● WHAT IS NEEDED
From the first line of the entries down to the line with "Smoldinski Las (Symposium", write out every line exactly; that last line counts, but pictures do not.

● EXERCISE INPUTS

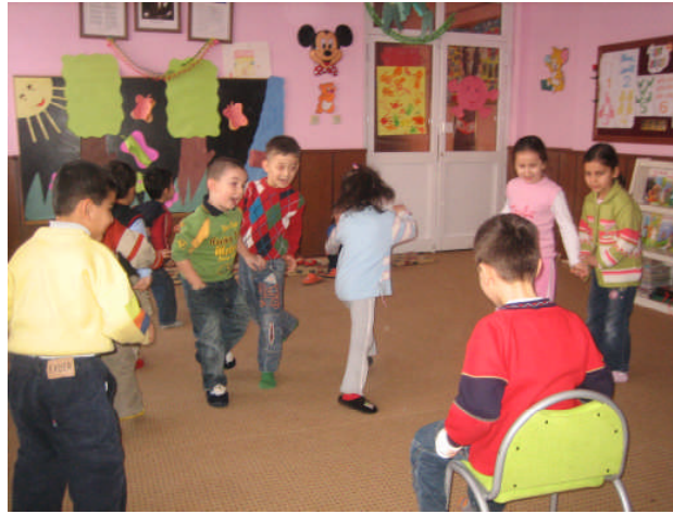
Resim 2.25: Kurt baba oyunu

Oyun, çocuk için sadece eğitsel yönden değil onun ruh sağlığı açısından da büyük önem taşımakta ve duygusal ilişkilerin başlatılması için en iyi ortamlar hazırlamaktadır. Çocuk oyun sırasında son derece bağımsız kendi başına buyruk, kendi dünyasında özgür hareket ederek duygusal rahatlama elde eder.
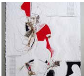
Smoldinski Las (Symposium Polen Horizont) 3 Tryptichon, Recyclingbüttlen Strandgut Acrylfarbe Tusche, 50 x 70 cm

Die gebürtige Stuttgarterin und studierte Psychotherapeutin beschäftigt sich in ihrer künstlerischen, mehrfach ausgezeichneten Arbeit mit dem Spannungsfeld zwischen Mensch und Natur, mit Umwandlung als Prinzip und Resultat von Neuschöpfung. Die hochgeschätzte Künstlerin arbeitet mit verschiedensten Materialien, die zu Reihen und Serien zusammengefasst und durch Zeichnung ergänzt werden.
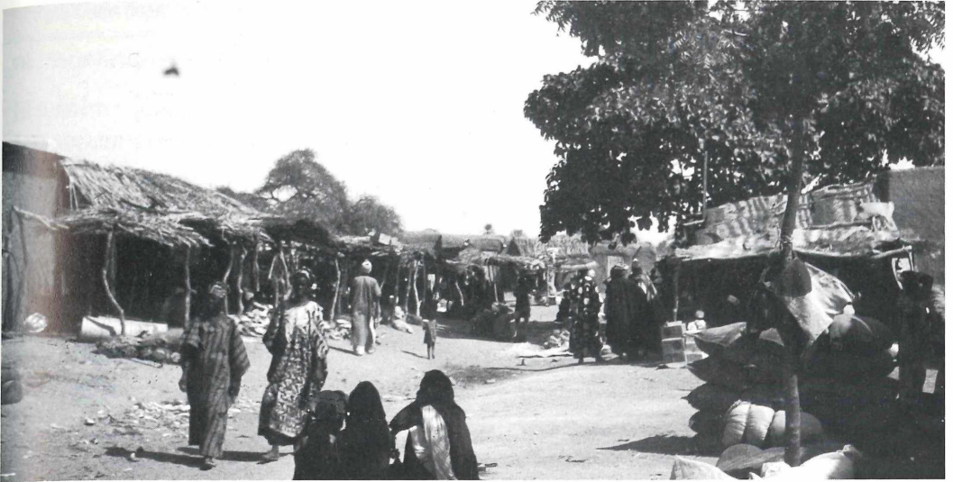
Tourungumbe liegt an der Grenze zu Mauretanien. Der Markt ist ein typisches Beispiel der traditionellen Form unter Bäumen.

Auch dieser Umstand führt zum Anwachsen der Elendsviertel an den Rändern der Städte und Märkte Afrikas. So verwundert es nicht, daß Diebstahl, Korruption und Prostitution in den unkontrolliert wachsenden Märkten und Städten überhandnehmen.
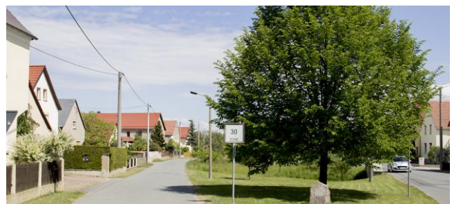
Abb. 3: Dorflinde

Am Bach wurden in einigen Bereichen naturnahe Uferböschungen wiederhergestellt, an anderen Stellen die Betongitterplatten zur Böschungsbefestigung belassen. Die Dorfstraße und zwei Fußwege queren den Bach mit Brücken, Durchlassbauwerke dienen der Regulierung des Baches im Hochwasserfall. An mehreren Stellen führen Natursteintreppen hinab zum Gewässer. Am neuen Spielplatz wurde ein flacher Gewässerzugang eingerichtet.
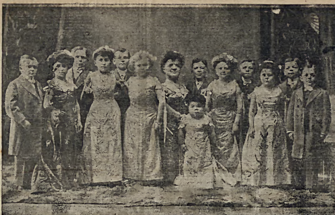
Abwesenheit in ihre liebe deutsche Heimat zurückzukehren.
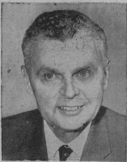
John Diefenbaker, jefe del Gobierno de Canadá, cuyo partido, el conservador, ha conseguido una victoria absoluta en las recientes elecciones parlamentarias

No puede dudarse de su lealtad en lo que toca a la integridad territorial de aquel Reino
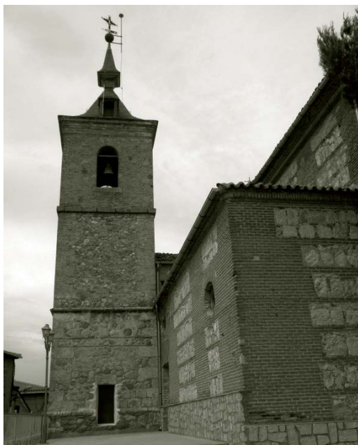
Iglesia de Santa Cruz del Retamar.

Es verdaderamente hermoso que una crónica, aunque sea de un periódico católico (de hecho de otros sacerdotes no se encuentran tales

● ANSWER BOX
Resim 2.25: Kurt baba oyunu

Oyun, çocuk için sadece eğitsel yönden değil onun ruh sağlığı açısından da büyük önem taşımakta ve duygusal ilişkilerin başlatılması için en iyi ortamlar hazırlamaktadır. Çocuk oyun sırasında son derece bağımsız kendi başına buyruk, kendi dünyasında özgür hareket ederek duygusal rahatlama elde eder.
Smoldinski Las (Symposium Polen Horizont) 3 Tryptichon, Recyclingbüttlen Strandgut Acrylfarbe Tusche, 50 x 70 cm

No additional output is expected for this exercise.